In order to allow the required editing you need to provide your designer with a .eps, .psd or .ai format file. There are other formats, but these are the most common for layered files.
Vector vs. Bitmap
This is a much bigger problem when trying to implement logos on large banners etc. A .jpg file uses a “bitmap” format. This means that the required number of pixels have been stored in a specific position and size relative to the size of the logo. If you try to make the logo bigger the image simply becomes “mushy”.
This is because you are increasing the size of each pixel that is in the original image.
A “Vector” file is a format that redraws the logo/image every time it is increased/reduced in size. This means that if you increase the size of the logo to the height of your building, the software will insert millions of additional pixels in order to maintain the sharpness of all elements. However, this only applies to designed elements like logos and illustrations.

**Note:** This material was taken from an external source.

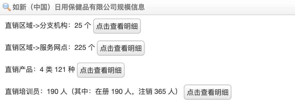 記者查詢商務(wù)部直銷行業(yè)管理網(wǎng)站發(fā)現(xiàn),如新在中國有包括武漢、呼和浩特、上海、廈門、合肥、重慶、太原、蘭州等在內(nèi)的25個直銷分支機構(gòu),此外還有225個服務(wù)網(wǎng)點、4類121種直銷產(chǎn)品、190個直銷培訓員。

Photography is always in bitmap format, which means that you are restricted as to how much you can increase the size of the image. But that leads me onto the next subject.
DPI (Dots Per Inch)
As its name implies, DPI literally means how many pixels there are in every square inch. The more pixels there are to represent what you see in that square inch of image, the better the resolution and quality of the image. It also means that higher DPI values provide more scope for image enlargement in a bitmap file because the pixels start off smaller and so each one is enlarged proportionally less.
So, let’s say that you send your designer a .jpg version of your logo for use on a large banner and we don’t need to change the background colours. If the DPI of the logo is 300, we might even get away with using the .jpg file.
However, the higher the DPI value, the bigger the file and so for web use the DPI values are normally reduced to as low as possible in order to optimise the file size of the image. This means that typically you will see values as low as 72DPI on a web version of a logo. Utterly useless for print, where we would require DPI values of 300 or more. This is why you can’t ask your designer to “get my logo from my website”. This also means that photographs on your website cannot be used in your brochure. The quality of the images are simply too low and would end up looking like the logo examples.
RGB vs. CMYK
Monitors use 3 colours (Red, Green and Blue), mixed in different proportions to represent a broad spectrum of colours. Printers on the other hand use 4 colours (Cyan, Magenta, Yellow & Black) to achieve the same thing.
If you send your designer a .jpg file that has been saved for use on screens and is therefore in RGB format, they should call you and tell you that they can’t use it (some print companies will not accept RGB files in their printers), or at the very least that your colours will not be accurate.
You see the printer will basically transpose the RGB values to the nearest equivalent CMYK values and in some cases this can cause quite visible variations in colour reproduction.
So now you know, dealing with logos and imagery, especially in print, is much more complex than simply grabbing images off a website.